(GIVEN INFORMATION)

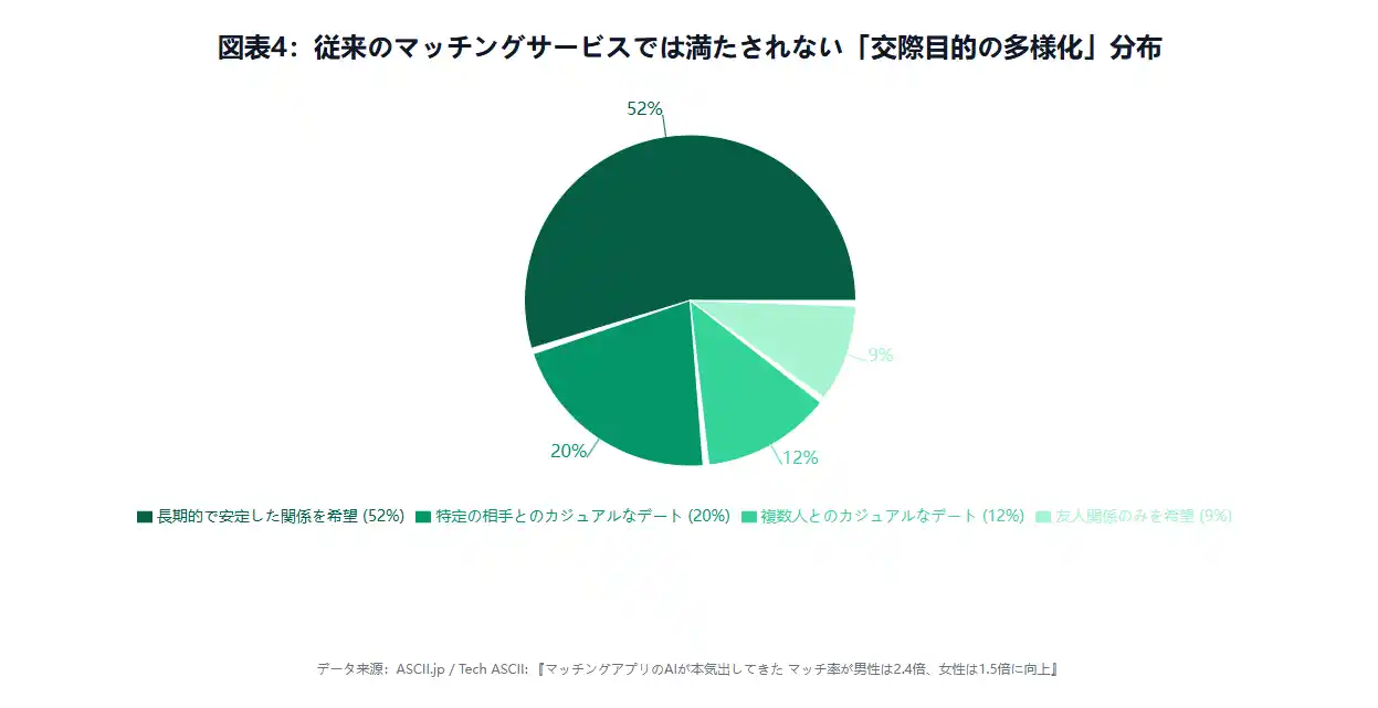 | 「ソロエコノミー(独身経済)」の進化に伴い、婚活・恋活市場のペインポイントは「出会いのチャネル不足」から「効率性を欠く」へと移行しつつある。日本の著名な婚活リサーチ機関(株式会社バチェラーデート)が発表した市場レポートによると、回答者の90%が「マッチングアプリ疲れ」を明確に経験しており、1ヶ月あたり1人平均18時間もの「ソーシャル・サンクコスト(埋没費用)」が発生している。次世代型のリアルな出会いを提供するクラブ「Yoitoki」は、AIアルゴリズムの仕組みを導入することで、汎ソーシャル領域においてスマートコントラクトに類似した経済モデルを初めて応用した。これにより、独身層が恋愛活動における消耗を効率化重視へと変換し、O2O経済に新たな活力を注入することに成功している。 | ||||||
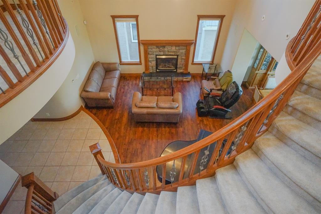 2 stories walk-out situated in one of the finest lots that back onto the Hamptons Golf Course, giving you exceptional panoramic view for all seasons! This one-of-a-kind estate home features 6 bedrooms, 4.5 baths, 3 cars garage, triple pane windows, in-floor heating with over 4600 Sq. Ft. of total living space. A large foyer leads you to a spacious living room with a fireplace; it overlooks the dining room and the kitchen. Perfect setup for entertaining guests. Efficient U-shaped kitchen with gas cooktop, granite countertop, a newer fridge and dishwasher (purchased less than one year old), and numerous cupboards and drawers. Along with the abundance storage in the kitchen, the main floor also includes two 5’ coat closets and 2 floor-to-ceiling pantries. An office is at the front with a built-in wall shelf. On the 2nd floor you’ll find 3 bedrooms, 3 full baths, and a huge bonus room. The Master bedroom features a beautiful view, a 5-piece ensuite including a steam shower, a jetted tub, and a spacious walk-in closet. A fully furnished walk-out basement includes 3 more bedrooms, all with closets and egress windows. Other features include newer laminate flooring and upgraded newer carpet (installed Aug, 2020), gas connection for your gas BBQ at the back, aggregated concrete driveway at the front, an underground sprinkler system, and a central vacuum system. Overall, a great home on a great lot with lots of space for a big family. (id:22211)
---
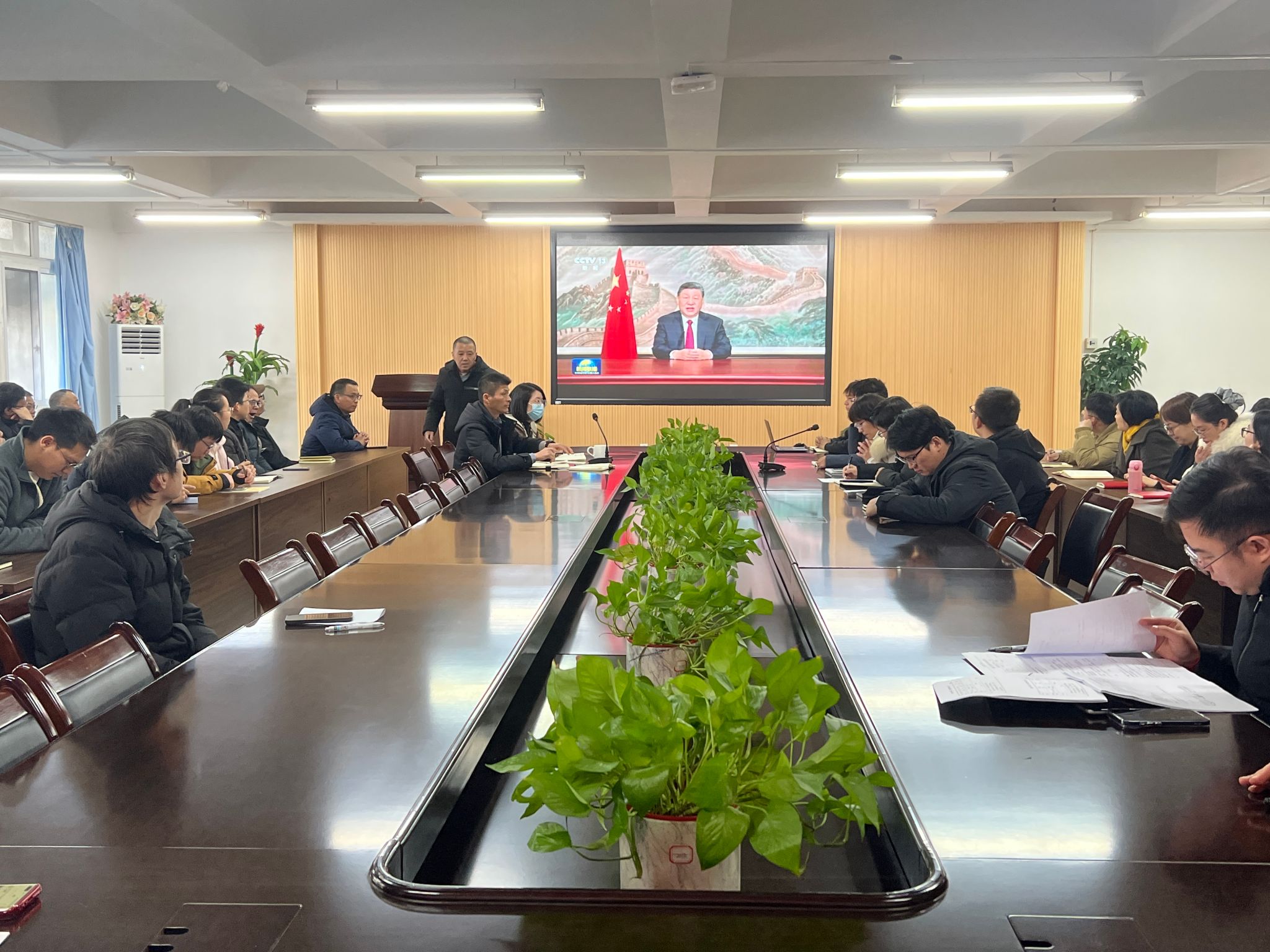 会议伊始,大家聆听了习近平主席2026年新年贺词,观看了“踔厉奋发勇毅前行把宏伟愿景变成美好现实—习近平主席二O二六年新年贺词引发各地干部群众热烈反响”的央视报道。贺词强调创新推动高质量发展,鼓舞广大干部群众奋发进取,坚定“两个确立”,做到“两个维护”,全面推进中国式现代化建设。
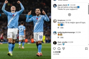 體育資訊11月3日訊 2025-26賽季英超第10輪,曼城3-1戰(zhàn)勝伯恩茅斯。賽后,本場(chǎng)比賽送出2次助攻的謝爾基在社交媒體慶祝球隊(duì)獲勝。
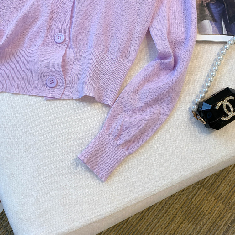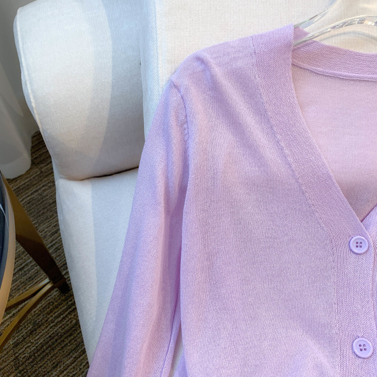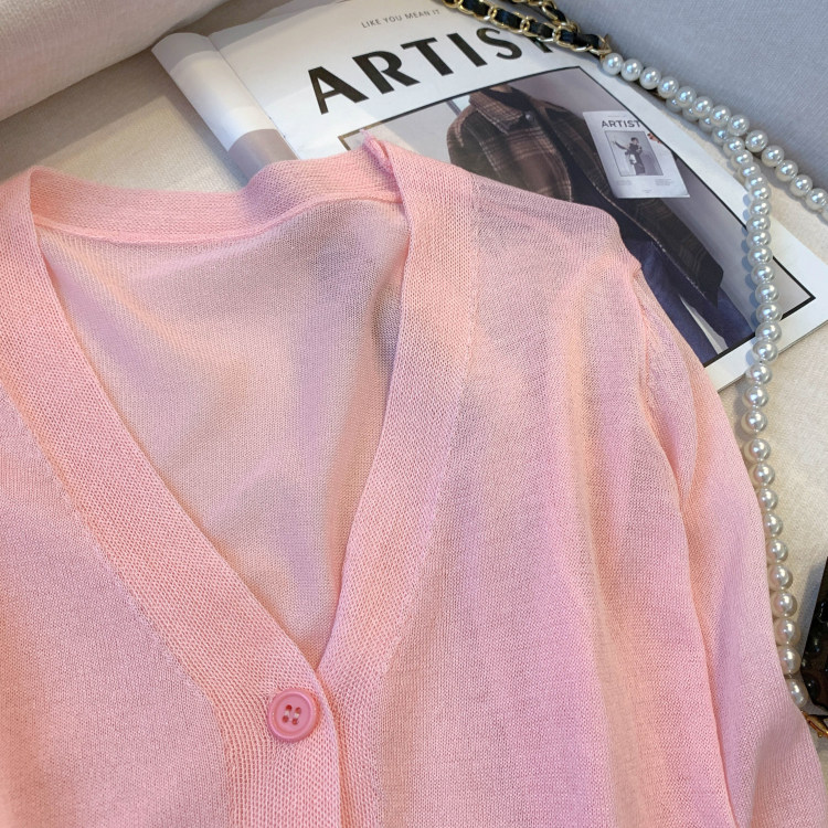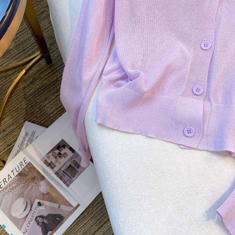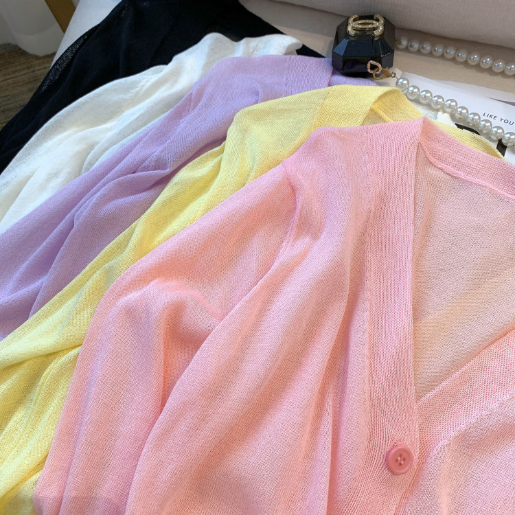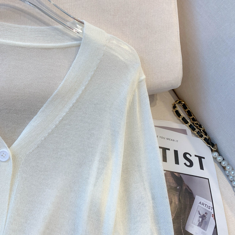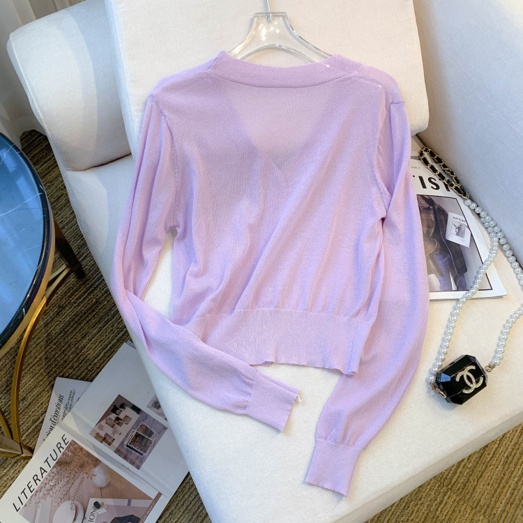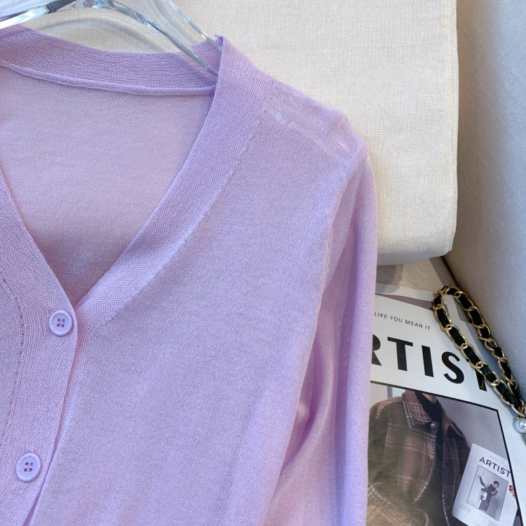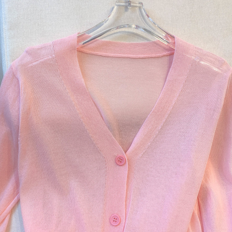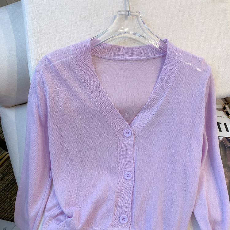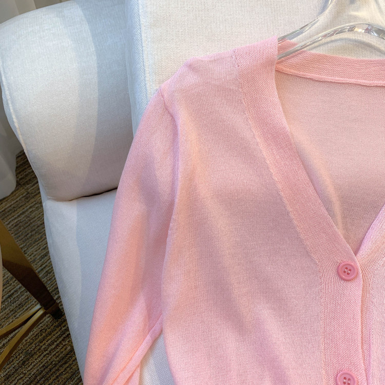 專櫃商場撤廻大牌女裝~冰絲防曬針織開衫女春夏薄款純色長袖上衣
--
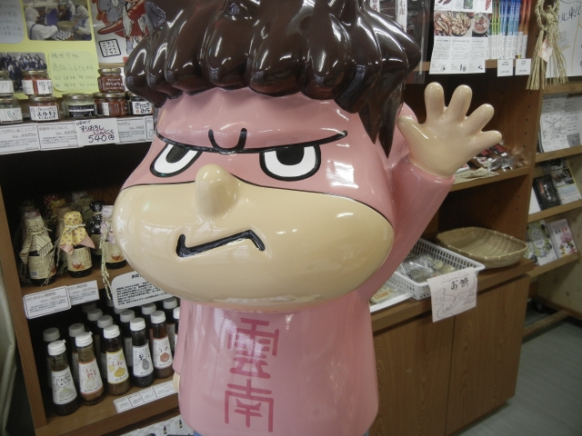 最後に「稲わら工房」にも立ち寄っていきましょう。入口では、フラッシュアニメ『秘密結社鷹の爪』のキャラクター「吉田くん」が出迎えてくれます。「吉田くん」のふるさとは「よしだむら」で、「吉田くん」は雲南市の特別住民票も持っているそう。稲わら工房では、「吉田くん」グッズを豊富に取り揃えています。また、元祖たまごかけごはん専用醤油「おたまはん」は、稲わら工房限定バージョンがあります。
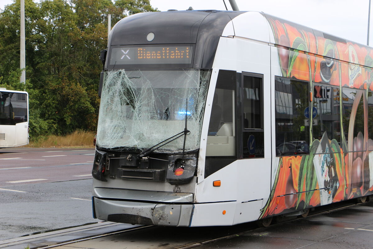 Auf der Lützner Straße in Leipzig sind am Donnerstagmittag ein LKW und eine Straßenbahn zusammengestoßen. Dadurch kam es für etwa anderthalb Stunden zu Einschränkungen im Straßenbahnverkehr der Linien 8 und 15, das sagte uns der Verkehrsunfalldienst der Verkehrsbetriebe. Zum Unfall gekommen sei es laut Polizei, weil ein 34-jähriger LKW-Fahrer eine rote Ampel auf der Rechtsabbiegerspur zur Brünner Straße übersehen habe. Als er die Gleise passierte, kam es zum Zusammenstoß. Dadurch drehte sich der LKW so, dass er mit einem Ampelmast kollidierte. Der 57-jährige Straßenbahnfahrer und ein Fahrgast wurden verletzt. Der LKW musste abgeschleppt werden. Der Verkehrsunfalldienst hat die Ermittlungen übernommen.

(TASK STATEMENT)
Output exactly the stretch of the listing that begins at the line containing "会议伊始,大家聆听了习近平主" and ends at the line containing "專櫃商場撤廻大牌女裝~冰絲防曬針織開衫女春夏薄款純色長袖上衣", both kept. Omit pictures and everything else.

(WRITTEN SOLUTION)
 会议伊始,大家聆听了习近平主席2026年新年贺词,观看了“踔厉奋发勇毅前行把宏伟愿景变成美好现实—习近平主席二O二六年新年贺词引发各地干部群众热烈反响”的央视报道。贺词强调创新推动高质量发展,鼓舞广大干部群众奋发进取,坚定“两个确立”,做到“两个维护”,全面推进中国式现代化建设。
 體育資訊11月3日訊 2025-26賽季英超第10輪,曼城3-1戰(zhàn)勝伯恩茅斯。賽后,本場(chǎng)比賽送出2次助攻的謝爾基在社交媒體慶祝球隊(duì)獲勝。
 專櫃商場撤廻大牌女裝~冰絲防曬針織開衫女春夏薄款純色長袖上衣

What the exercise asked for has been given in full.